### Your goal
Required from the data below: the exact lines starting at the line containing "الشيخ الفاضل علي" and ending at the line containing "Проволока с ворсом", with both ends kept and all pictures dropped.

### Supplied entries
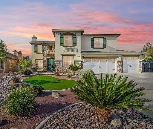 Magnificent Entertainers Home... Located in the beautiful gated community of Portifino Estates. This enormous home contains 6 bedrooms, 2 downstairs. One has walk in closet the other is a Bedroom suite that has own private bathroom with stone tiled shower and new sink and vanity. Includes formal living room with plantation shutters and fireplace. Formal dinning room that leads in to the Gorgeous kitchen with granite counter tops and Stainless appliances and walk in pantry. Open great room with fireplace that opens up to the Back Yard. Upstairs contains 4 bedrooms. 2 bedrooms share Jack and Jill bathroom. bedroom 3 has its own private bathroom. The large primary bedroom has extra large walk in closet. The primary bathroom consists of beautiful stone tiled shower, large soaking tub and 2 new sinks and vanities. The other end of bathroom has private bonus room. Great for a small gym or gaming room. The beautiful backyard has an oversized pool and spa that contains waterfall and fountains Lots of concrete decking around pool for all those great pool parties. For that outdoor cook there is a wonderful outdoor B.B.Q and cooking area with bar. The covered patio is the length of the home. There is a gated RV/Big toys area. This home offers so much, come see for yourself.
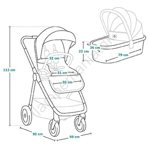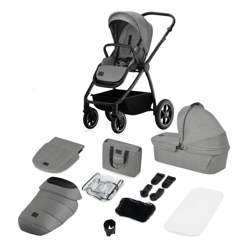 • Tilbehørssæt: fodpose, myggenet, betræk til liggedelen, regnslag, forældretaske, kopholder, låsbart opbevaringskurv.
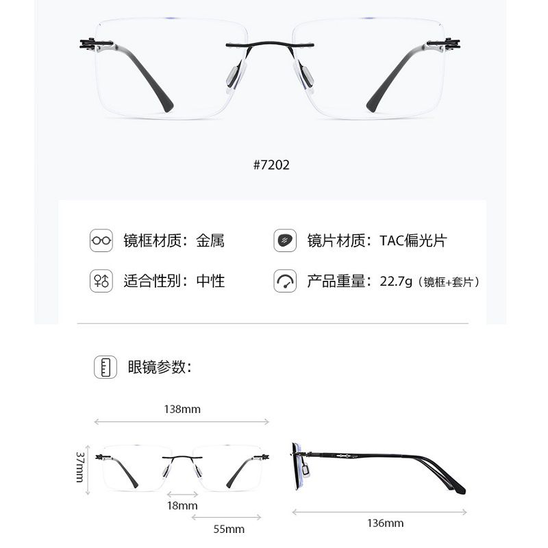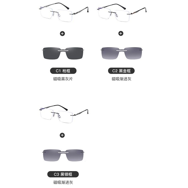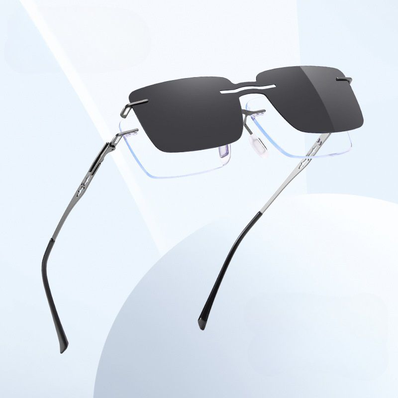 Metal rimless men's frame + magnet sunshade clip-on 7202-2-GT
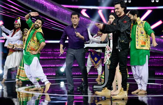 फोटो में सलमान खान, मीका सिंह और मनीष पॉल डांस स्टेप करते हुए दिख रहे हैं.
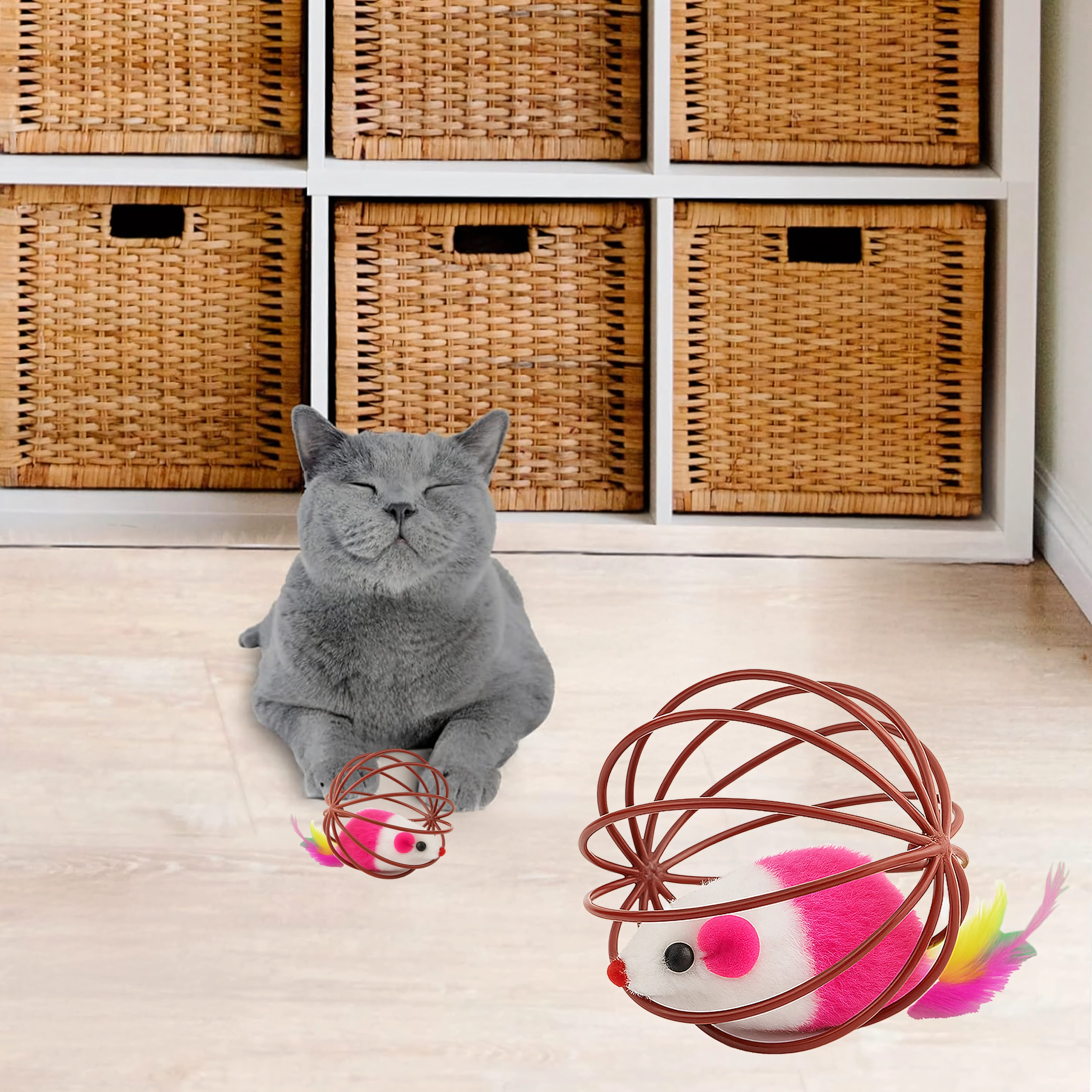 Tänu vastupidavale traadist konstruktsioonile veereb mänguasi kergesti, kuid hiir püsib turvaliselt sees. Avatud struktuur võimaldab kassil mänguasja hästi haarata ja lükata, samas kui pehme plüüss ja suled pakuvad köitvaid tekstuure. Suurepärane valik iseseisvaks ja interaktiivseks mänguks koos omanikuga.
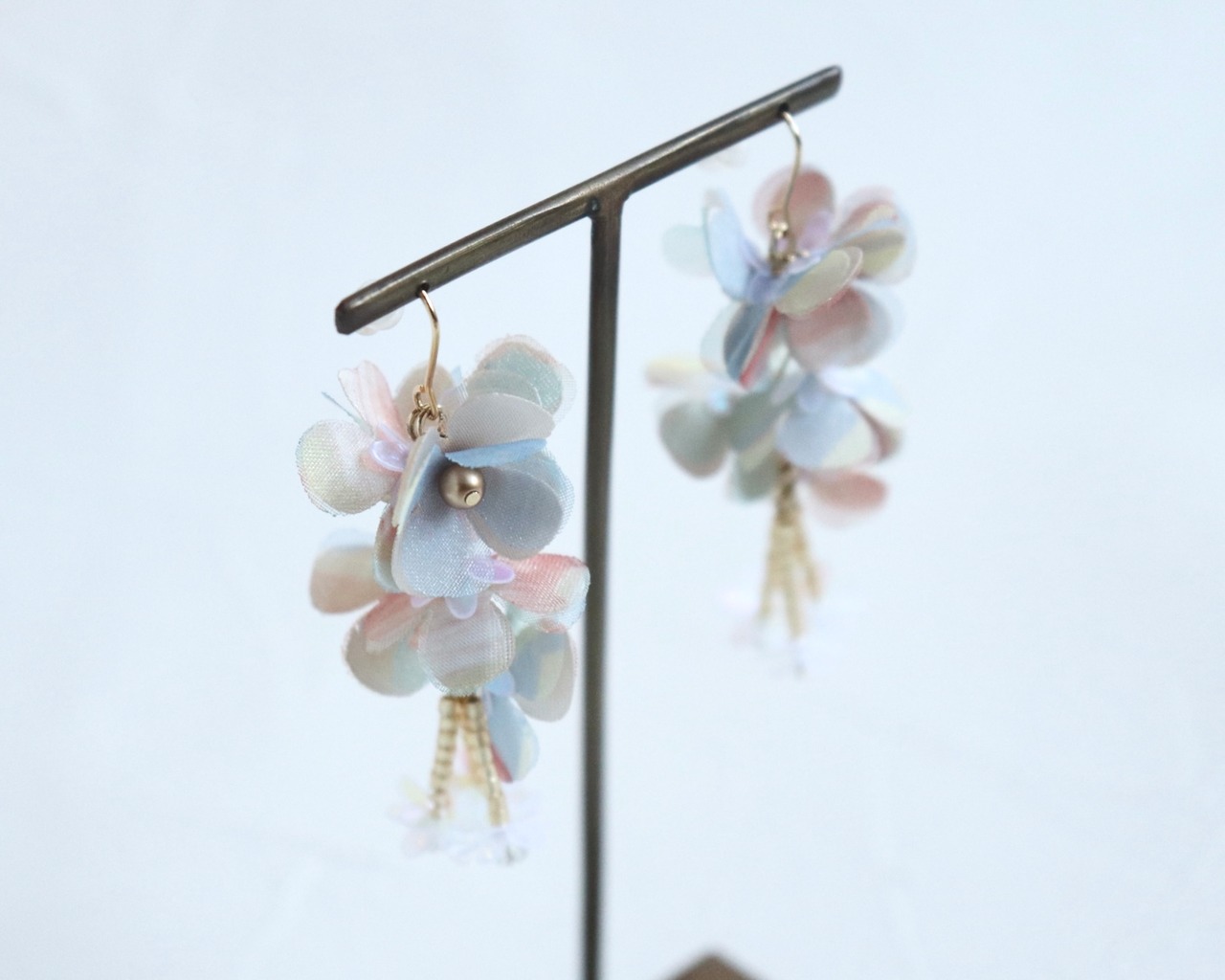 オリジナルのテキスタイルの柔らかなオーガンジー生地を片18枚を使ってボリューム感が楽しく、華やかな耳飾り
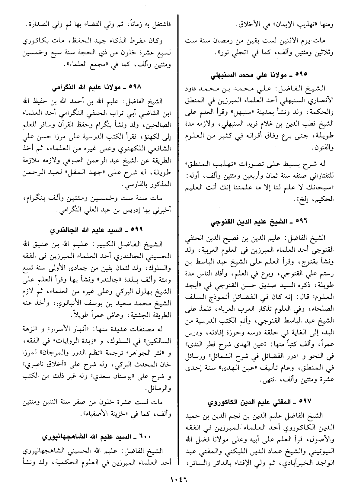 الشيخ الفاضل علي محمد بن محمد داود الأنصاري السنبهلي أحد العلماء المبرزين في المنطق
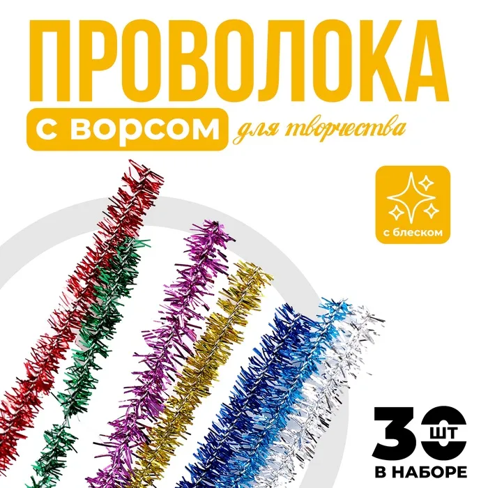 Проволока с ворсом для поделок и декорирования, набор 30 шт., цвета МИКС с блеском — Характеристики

--

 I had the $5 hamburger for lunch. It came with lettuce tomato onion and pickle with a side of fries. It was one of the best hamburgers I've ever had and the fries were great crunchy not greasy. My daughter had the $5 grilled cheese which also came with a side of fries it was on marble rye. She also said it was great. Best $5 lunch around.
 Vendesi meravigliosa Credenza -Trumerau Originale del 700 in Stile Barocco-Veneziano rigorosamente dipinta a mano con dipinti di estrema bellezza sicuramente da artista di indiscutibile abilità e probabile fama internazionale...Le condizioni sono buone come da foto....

--

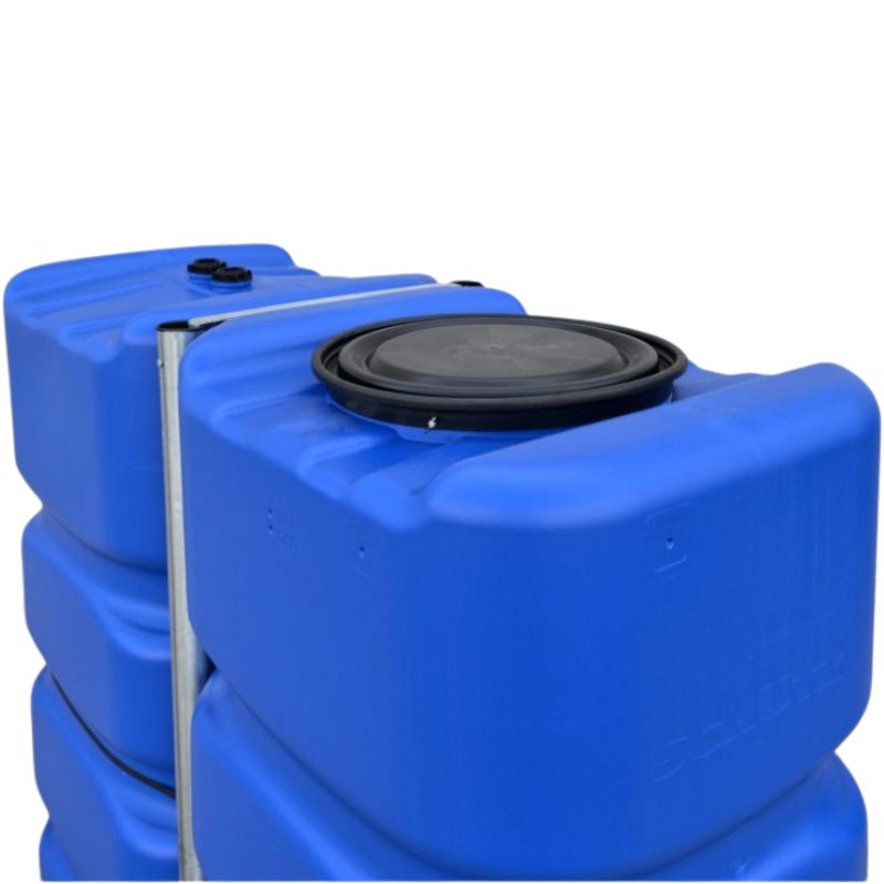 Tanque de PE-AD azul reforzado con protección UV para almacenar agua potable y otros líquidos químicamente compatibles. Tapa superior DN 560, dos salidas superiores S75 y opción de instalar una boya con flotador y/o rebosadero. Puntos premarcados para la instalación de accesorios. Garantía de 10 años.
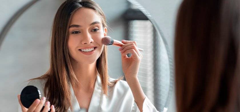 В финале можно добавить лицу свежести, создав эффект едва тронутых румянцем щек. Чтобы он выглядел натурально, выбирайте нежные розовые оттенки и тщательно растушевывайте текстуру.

### Response box
 الشيخ الفاضل علي محمد بن محمد داود الأنصاري السنبهلي أحد العلماء المبرزين في المنطق
 Проволока с ворсом для поделок и декорирования, набор 30 шт., цвета МИКС с блеском — Характеристики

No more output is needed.